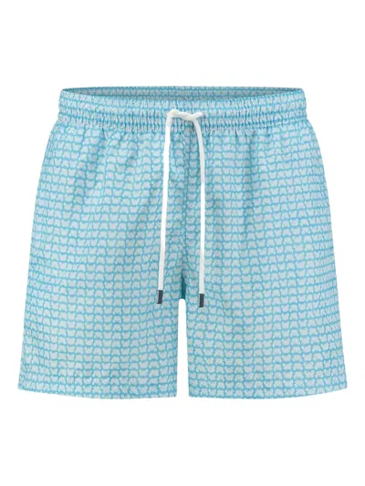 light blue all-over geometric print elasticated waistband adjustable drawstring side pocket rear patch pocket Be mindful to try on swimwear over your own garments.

* * *

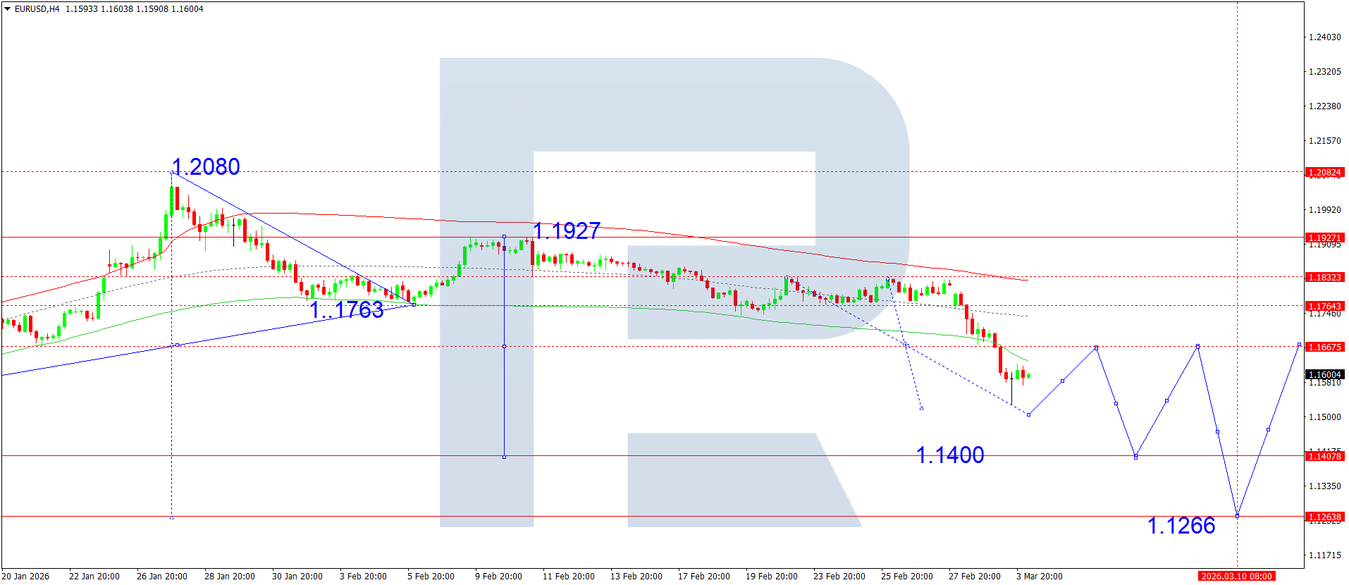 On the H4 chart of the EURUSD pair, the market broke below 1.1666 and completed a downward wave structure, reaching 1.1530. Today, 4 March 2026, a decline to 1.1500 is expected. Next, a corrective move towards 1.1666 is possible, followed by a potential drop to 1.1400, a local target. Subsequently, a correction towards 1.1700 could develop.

...

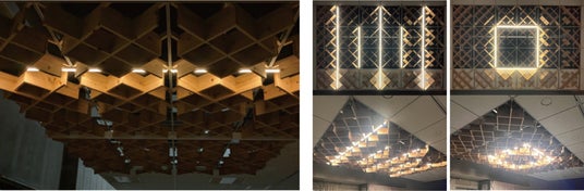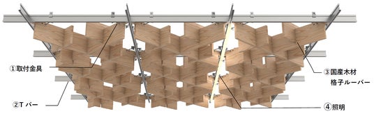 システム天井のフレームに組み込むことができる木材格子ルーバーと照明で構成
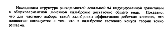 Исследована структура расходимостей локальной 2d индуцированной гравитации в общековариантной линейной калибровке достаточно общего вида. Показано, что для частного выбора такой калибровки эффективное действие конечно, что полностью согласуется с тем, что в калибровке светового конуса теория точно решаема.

**Your task**. Starting at the line with "システム天井のフレームに組み込むことができる木材格子ルーバーと照明で構成" in the entries above, write out every line exactly until the line with "Исследована структура расходимостей" has been written. Include no pictures and nothing more.

**Problem solution**.
 システム天井のフレームに組み込むことができる木材格子ルーバーと照明で構成
 Исследована структура расходимостей локальной 2d индуцированной гравитации в общековариантной линейной калибровке достаточно общего вида. Показано, что для частного выбора такой калибровки эффективное действие конечно, что полностью согласуется с тем, что в калибровке светового конуса теория точно решаема.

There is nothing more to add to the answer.